Hiller Aviation Museum

Photo from the official website.

I've only been to the Hiller Aviation Museum a couple of times in my younger years, but it was certainly a memorable experience. The Hiller Aviation Museum in one of the newer institutions and has only been around for 24 years, having opened in June of 1998. The museum has the namesake of Stanley Hiller Jr, who was an aviation pioneer in his own right, especially in the field of vertical takeoff and landing vehicles like helicopters and vectored thrust vehicles. The museum found it's origin because of the repository of Hiller aircraft and prototypes that were left by the Hiller Aviation company to Redwood City, that had been left in a warehouse, but is now thankfully open to the public at large. 

Unlike most aviation museums, the Hiller aviation museum has primary focus on advances in civilian aviation, and in showing off it's impressive, one of a kind repository of Hiller built aircraft such as the first ramjet, NOTAR and gunship helicopters, Coleopters, and Rotorcycles. 

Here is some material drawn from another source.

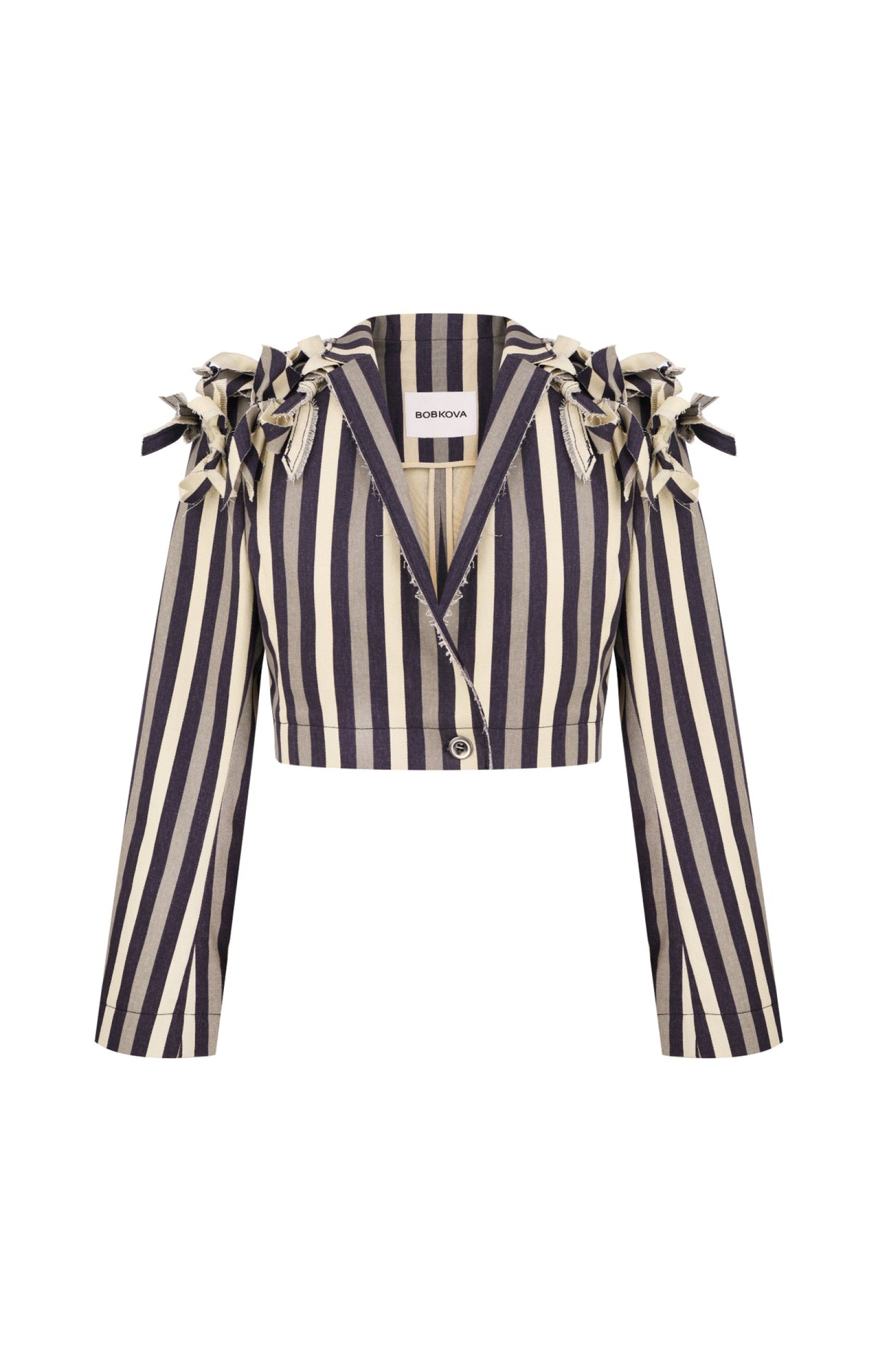 Diese Kurzjacke von Bobkova ist ein Statement-Piece, das klassische Muster mit avantgardistischer Struktur verbindet.

Some of the other more interesting aircraft they have on display are:

a Rutan Defiant - not exactly rare, but any Rutan design is just cool to look at.  

Boeing Condor - A super rare spy drone from the late 80's that is utterly massive.

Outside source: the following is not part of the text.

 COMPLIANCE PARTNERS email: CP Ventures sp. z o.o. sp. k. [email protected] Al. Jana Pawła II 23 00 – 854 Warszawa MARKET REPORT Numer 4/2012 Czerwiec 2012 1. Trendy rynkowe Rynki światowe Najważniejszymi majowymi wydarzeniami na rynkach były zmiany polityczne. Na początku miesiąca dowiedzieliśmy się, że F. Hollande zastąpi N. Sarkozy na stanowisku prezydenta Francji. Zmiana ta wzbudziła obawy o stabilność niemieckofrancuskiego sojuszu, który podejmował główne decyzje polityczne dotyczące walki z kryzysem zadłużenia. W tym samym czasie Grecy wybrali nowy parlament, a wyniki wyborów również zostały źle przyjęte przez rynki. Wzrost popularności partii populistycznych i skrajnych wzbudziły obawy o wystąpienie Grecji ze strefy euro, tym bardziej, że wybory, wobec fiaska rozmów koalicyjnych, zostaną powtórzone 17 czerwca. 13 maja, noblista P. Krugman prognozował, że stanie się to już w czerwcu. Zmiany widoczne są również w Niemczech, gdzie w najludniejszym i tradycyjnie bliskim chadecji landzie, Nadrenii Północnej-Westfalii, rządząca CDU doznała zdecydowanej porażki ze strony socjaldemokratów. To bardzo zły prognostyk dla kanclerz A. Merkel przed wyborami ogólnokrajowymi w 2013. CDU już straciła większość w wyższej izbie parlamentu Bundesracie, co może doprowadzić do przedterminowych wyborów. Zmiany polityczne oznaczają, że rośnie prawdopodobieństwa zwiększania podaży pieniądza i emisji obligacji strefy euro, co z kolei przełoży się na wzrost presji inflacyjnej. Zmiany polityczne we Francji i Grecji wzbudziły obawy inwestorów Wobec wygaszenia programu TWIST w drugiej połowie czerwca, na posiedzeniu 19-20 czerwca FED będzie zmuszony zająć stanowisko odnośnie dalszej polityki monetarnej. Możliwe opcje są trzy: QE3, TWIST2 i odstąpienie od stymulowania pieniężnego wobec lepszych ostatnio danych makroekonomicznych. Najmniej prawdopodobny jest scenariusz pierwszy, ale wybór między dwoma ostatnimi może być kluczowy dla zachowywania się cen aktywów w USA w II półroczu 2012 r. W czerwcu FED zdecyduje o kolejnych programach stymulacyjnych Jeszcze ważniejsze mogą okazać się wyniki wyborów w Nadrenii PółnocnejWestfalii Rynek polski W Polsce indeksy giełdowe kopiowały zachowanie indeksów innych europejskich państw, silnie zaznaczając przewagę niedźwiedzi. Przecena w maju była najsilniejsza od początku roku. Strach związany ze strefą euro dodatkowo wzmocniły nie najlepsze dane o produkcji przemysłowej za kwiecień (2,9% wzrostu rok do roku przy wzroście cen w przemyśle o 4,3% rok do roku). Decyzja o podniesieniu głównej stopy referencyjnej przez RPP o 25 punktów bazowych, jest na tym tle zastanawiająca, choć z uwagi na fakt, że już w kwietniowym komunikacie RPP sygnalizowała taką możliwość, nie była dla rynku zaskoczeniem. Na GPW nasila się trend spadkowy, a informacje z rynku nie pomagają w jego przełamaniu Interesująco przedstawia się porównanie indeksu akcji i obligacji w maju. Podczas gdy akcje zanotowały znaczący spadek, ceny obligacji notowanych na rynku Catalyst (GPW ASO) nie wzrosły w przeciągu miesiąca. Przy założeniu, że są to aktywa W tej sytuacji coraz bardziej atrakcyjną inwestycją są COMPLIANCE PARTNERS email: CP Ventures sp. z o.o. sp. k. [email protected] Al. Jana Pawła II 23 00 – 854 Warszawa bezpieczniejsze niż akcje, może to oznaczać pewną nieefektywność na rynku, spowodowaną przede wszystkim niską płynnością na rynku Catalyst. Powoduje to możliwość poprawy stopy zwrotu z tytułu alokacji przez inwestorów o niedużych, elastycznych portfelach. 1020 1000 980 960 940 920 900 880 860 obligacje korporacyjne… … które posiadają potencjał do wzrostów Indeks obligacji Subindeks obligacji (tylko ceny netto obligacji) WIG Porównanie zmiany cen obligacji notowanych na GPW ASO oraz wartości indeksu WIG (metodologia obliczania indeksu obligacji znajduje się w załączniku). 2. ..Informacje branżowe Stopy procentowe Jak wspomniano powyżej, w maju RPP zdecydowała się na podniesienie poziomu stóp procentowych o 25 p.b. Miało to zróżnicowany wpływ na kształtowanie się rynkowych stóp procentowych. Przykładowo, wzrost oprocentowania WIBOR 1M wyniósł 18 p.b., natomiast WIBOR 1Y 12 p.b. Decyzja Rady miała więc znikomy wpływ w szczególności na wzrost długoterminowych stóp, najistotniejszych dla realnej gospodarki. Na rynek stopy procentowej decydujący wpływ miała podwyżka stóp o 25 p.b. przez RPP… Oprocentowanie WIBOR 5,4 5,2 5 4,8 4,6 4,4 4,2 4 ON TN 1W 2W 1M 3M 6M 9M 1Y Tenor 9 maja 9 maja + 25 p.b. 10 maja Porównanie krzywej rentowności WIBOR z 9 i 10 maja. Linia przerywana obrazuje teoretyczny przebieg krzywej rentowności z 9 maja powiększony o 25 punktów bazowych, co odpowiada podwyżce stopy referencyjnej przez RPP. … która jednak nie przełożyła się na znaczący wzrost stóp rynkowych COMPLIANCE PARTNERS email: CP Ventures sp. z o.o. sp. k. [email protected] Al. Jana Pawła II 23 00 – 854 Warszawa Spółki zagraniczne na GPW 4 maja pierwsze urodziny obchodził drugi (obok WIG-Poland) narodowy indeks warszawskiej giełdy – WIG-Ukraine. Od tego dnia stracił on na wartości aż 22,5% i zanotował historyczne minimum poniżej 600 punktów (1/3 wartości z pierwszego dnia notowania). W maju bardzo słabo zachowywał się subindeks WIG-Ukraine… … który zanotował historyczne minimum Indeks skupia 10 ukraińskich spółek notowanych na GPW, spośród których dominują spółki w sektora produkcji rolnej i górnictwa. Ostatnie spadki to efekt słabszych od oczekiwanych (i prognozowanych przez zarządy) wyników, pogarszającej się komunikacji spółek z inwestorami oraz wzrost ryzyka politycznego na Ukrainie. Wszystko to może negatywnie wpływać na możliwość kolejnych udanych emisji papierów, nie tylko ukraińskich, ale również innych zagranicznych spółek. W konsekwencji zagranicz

Scaled Composites LLC Space Ship One - just about anyone would know that one. 

Grumman HU-16-RD Albatross - this one having a very unique story you can read about. 

A replica of the Manfred von Richtofen's Fokker Dr.1 Triplane

A replica of the Curtiss Pusher - the very same model that was the first to land on a ship at the Tanforan Air Exhibition. 

By far the most interesting to me though, was the fact the museum was (for a short while) the home of a portion of the late Boeing 2707, the American project that was to surpass the Concorde. The project is no longer there, but had a portion of the cockpit and first class, along with a mural depicting how big the full aircraft would have been. It's no longer at the Hiller location, as it has been moved to the Seattle Museum of Flight and is currently undergoing restoration. 

A pic from the Boeing 2707 Wikipedia page of what it looked like at Hiller.